── Available data

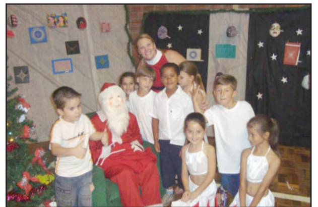
Presença do Papai Noel

emoção e os fogos de artifício explodiram ao ver o anjo Gabriel descer de rapel para anunciar as boas novas.
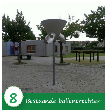
8 Bestaande ballentrechter
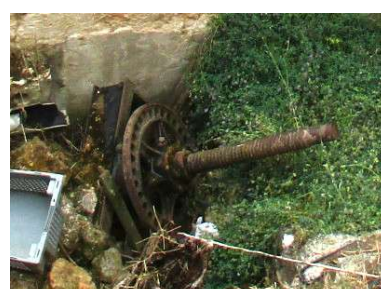
Prensa de puente
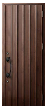
D11型 アンティークオーク
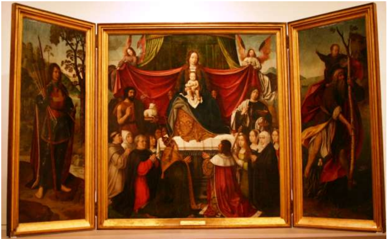
Илл. 112.13. Ян Провост. Триптих Мизерикордии.
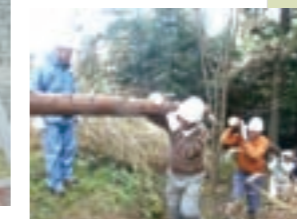
地域住民が間伐体験

高野町 URL http://www.town.koya.wakayama.jp/

────

* Work order: Please output the entire listing above verbatim and omit its images.

* Completed exercise:
Presença do Papai Noel

emoção e os fogos de artifício explodiram ao ver o anjo Gabriel descer de rapel para anunciar as boas novas.
8 Bestaande ballentrechter
Prensa de puente
D11型 アンティークオーク
Илл. 112.13. Ян Провост. Триптих Мизерикордии.
地域住民が間伐体験

高野町 URL http://www.town.koya.wakayama.jp/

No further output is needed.